Long a dog whistle for referring to state attempts to clamp down on organizations accused of Islamism, “separatism” is increasingly leveled against radical political organizations as a means to delineate the boundaries of acceptable activism and associative life. In the history of the Fifth Republic, founded in 1958, no French government has banned as many groupings or associations as Macron’s. According to Mediapart’s tally, thirty-three groups have been banned since Macron took office in 2017, a trend that has mostly targeted organizations accused of Islamist sympathies but has expanded to encompass far-left and far-right groups.

“On the question of liberties, this decision is still relatively restrictive,” Lyon-Caen told Jacobin, regretting that this State Council left untouched the expanded criteria established in Darmanin’s 2021 anti-separatism law. Critics have been hoping for a firm condemnation of the breaches in that law — and stricter guidelines for protecting freedom of expression and association from Darmanin’s campaign to muffle civil society.
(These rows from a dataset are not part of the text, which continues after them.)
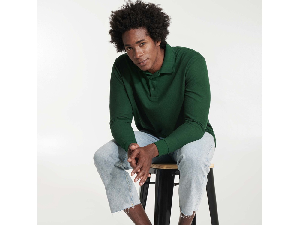 Поло с длинным рукавом. Воротник и манжеты из риба 1х1 с эластаном. Дополнительная укрепляющая строчка по горловине. Планка на 3 пуговицы и разрезы в боковых швах.
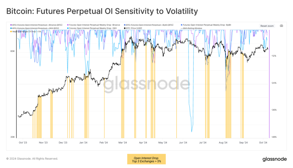 Во время недавнего ралли на рынке бессрочных контрактов открытый интерес сократился на $2,5 млрд из-за ликвидации шортов. Доля снижения метрики на трех ведущих бессрочных биржах не превысила порогового значения в 5% 🟨.
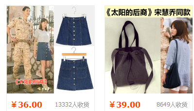 一边是追着看“跟着乔妹学穿搭”,“学韩妞撩汉”的攻略,一边在淘宝天猫上刷刷地搜索同款,目前“太阳的后裔同款”可以在淘宝上的搜索结果已经超过了11万件,乔妹从裙子到包到首饰都成了爆款。

“[The idea of] ‘provoking’ violations of property is an extremely shaky standard,” says Monnier. “That requires wading into the mire of the statements and the freedom of expression of an organization.”

In a series of separate decisions also on the docket, the State Council validated the interior minister’s orders to ban the Lyon-based anti-fascist organization GALE, a far-right grouping in Angers called L’Alvarium, and the Coordination Against Racism and Islamophobia, which was dissolved in 2021.

“French society is fractured right now, and I think there are many magistrates that don’t want to entirely impede the actions of the interior minister,” says Lyon-Caen, who also represented GALE. “The State Council is being very cautious — more than it has been in the past.”

Between pressure from French civil society in uproar over Darmanin’s use of dissolution and a brash interior ministry, the State Council opted to apply a minimal break — one that leaves the broader tightening of civil society untouched. But the legal and political tensions underlying this whole affair are only going to deepen in the years ahead. As the climate crisis deepens, activists and civil liberties advocates want to see firmer protections — namely, for calls or actions that target property.

“Everything hinges on the question of proportionality and the nature of infractions to property,” says Monnier of Greenpeace France. “Even with the scale of the emergency before us, the proportionality of the violations to property will remain the cornerstone of whether they are illegal or not.”

Challenging Legality

Darmanin’s bid to pick a fight with Earth Uprisings was blatantly about jockeying to appear tough on radicals. It is also part of an attempt to delineate the boundaries of acceptable activism. The initial decree in June banning the organization, for example, mentioned its alleged proximity with thinkers like Andreas Malm, author of the popular tract How To Blow Up a Pipeline.

“Violence against property does not deserve the same protections as violence against people,” according to Lyon-Caen, who regrets that many judges don’t have a “dynamic understanding” of the law.

“In France, there’s a palpable skittishness in the courts,” Monnier told Jacobin. “I think the next steps on the question of violations against property will lead us to the European Court of Human Rights, which could deliver a decision reminding France of its obligations in terms of the protection of freedom of expression.”

Ultimately, the boundaries of acceptable activism are being most undermined by the state’s own inaction on the climate issue. Calls for everyday people to “disarm” — as Earth Uprisings puts it — the material and technological basis of environmental injustice clearly have a long future ahead of them. “Earth Uprisings gives us an idea of tomorrow’s legality,” says Lyon-Caen. “The climate crisis requires that we not cling to static ideas of what is legal and what is illegal.”